The SEBI regulations make a mention of the so called Chinese wall (it is considered a legal flotsam and now a day’s the term is ethical wall or screening devices). This wall has pores and is farcical in today’s world of high tech communications and loose data protection laws in the developing world. The decision in the famous case of Chinese wall in Brunei – Prince Jefri Bolkiah Vs KPMG gives an interesting insight into the world of conflicts of interest and confidentiality.
The prevention of insider trading is widely treated as an important function of securities regulation. It is one thing to have a set of regulations in place yet another to have the skill, will and the means to implement them to protect investors.
Unlike anywhere else in the world, the US regulations on insider trading and their knack to prosecute offenders by peeling layer after layer of evidence are remarkable. It is reported that in 2008 alone there were more than 600 enforcement actions by SEC. It dedicates over 60 percent of its resources each year to the enforcement and examination programs. Last year its enforcement complaint centre handled over 600,000 tips sent by individuals. In spite of all these persistent efforts, SEC is still under fire for many scandals in the US including the Madoff Ponzi Scheme. With dwindling workforce (it has some 3500 staff!)and surging work load, SEC is demanding more budget allocation from some $900 million now to about 1.2 billion dollars annually.
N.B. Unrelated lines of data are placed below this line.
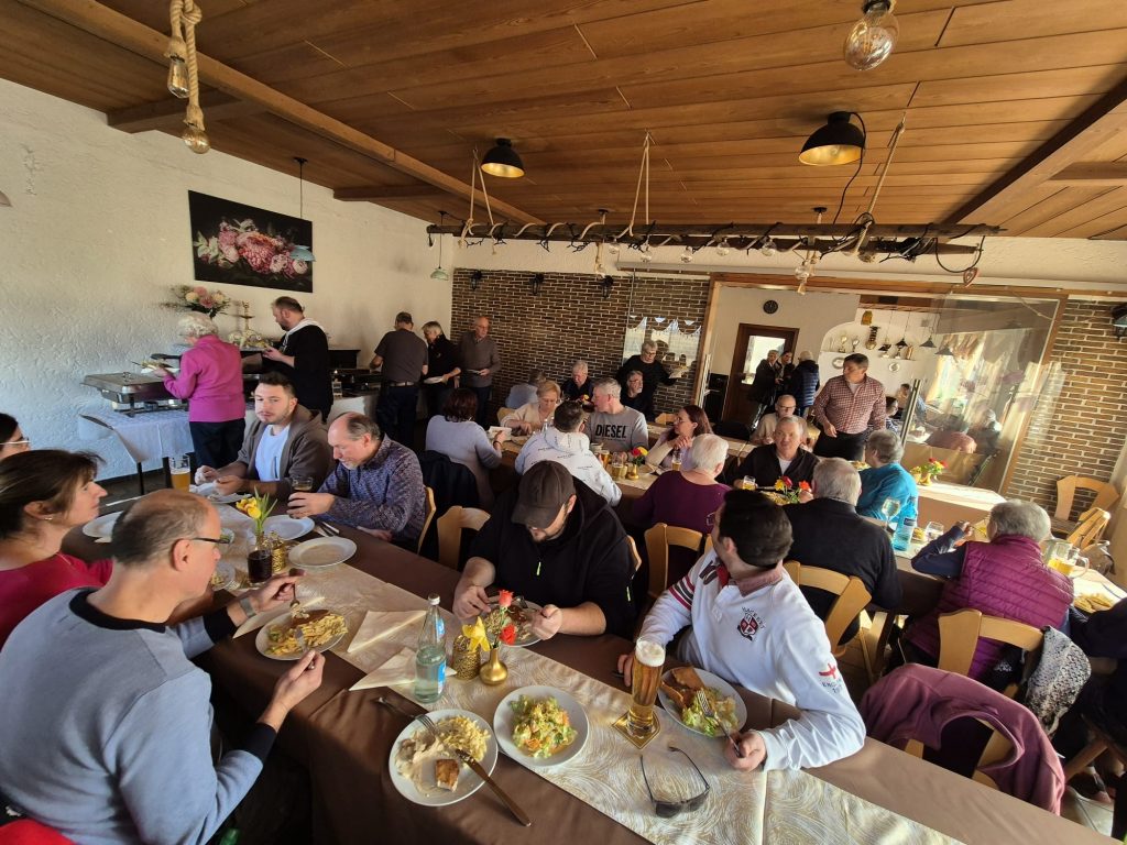 Nach der ausgedehnten Tour kehrten die Wanderer in geselliger Runde bei Vereinswirt Siva ein, der mit einem reichhaltigen Buffet für das leibliche Wohl sorgte. Beim gemütlichen Beisammensein ließen die Teilnehmer den erlebnisreichen Tag entspannt ausklingen.
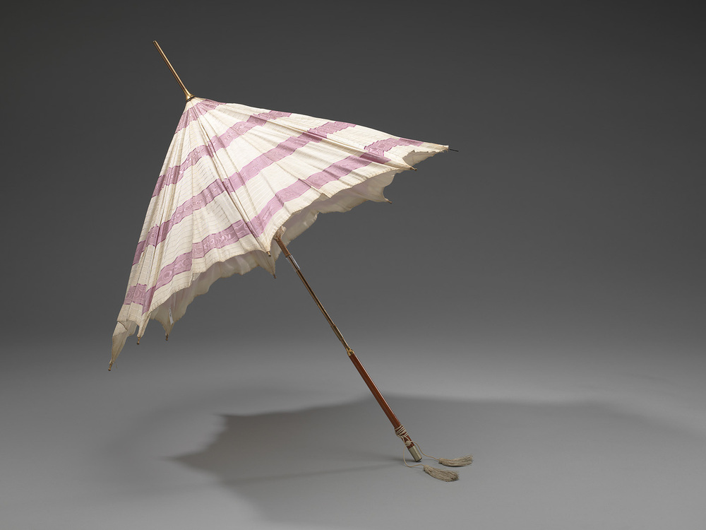 Parasol, met metalen inschuifbare steel, met houten handvast met metalen ring en beige kwast. Het dek is van cremekleurige zijde met smal ingeweven ribstreepje en ingeweven roze (lila) moiré streep, die het aanblik geven van opgenaaid lint. Voering van cremekleurige zijde. Op het dek een lange metalen punt. Spaken van metaal en uitlopend in metalen knoppen. De steel heeft vlak boven het handvat een schuif, de steel kon bij het handvast omgeklapt worden. Geen gebruikelijk systeem.
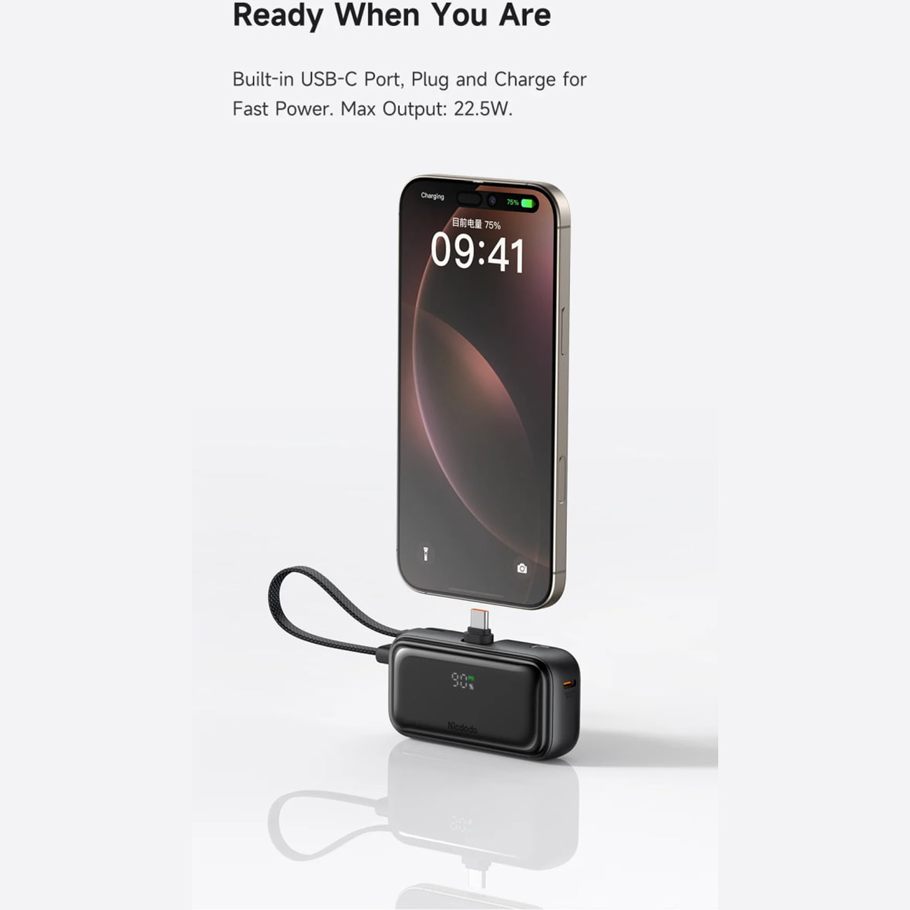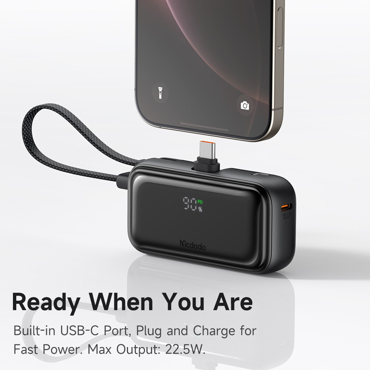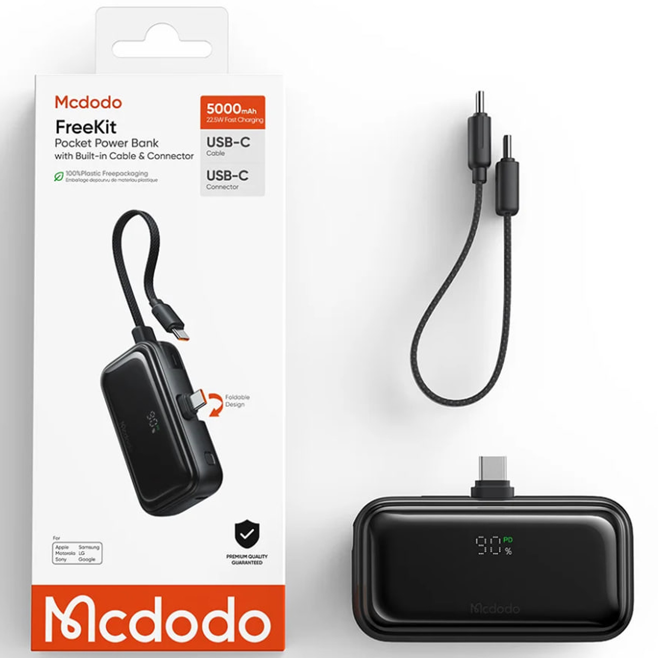 پاوربانک جیبی مک دودو مدل MC-7760 مجهز به کابل داخلی Type-C قابل جدا شدن، کانکتور USB-C تاشو و پورت USB-C است که هر کدام از قابلیت شارژ سریع 22.5 وات پشتیبانی میکنند. ورودی کابل USB-C تا 18 وات امکان شارژ سریع پاور بانک را فراهم میکند و خروجی کابل USB-C و پورت USB-C تا 22.5 وات، توانایی شارژ دستگاههای مختلف مانند گوشی، هدفون و تبلت را دارد. شدت جریان و ولتاژ ورودی: 5V⎓3A، 9V⎓2A، 12V⎓1.5A (18W Max)، شدت جریان و ولتاژ خروجی کابل USB-C: 5V⎓3A، 9V⎓2.22A، 10V⎓2.25A، 12V⎓1.67A (22.5W Max)، و خروجی پورت USB-C: 5V⎓2.4A، 9V⎓2.22A، 10V⎓2.25A، 12V⎓1.67A (22.5W Max) است.

Compare this to what SEBI has, just 615 staff ( about 25% of which are secretaries and other staff) to deal with multifarious activities that it does with stock exchanges, stock brokers and sub-brokers, mutual funds, venture capital funds, portfolio managers, not to speak of dealing with a vibrant investing population that relies more on tips and tippers than anything else. Its 2008-09 annual report is yet to be published on its website and for 2007-08 it recorded a fee income of just under Rs.400 Crores that is some $ 85 Million.
As on 31st July 2009, as per SEBI’s website, the list of prosecutions launched across the country since December 1994 is a meagre twelve violations on insider trading. This is dismal performance and all those who get away with slipping insider information and those who merrily use them will laugh at this. It is time SEBI got some serious funding to acquire appropriate technologies and talents. It must enhance its monitoring mechanisms to garner its own intelligence to initiate suo moto action as proclaimed in regulation 5(2)(b). Simply updating these rules and regulations now and then may be of no use. It should get high tech and partner with professionals to use appropriate data mining, analytics and surveillance tools to detect and prosecute operators that are suspected to be involved in insider trading. With a whopping 25 crores penalty that it can impose, the investment in skill and technology will pay handsome dividends.
As an ounce of prevention to start with can SEBI simply ask all the entities it has listed in regulation 12(1) to publish in newspapers on the last of February every year that such entities are in full compliance of these codes? Let the intermediaries, asset management companies, trustees of mutual funds, the self regulatory bodies, the recognised stock exchanges and clearing house or corporations, the public financial institutions and the professional firms such as auditors, accountancy firms, law firms, analysts and consultants do a self assessment and state publicly that they are in fact compliant with the regulations and then let SEBI do a random audit. This will ensure that such firms take these codes seriously and monitor violations. Perhaps some punters are not sufficiently afraid as yet.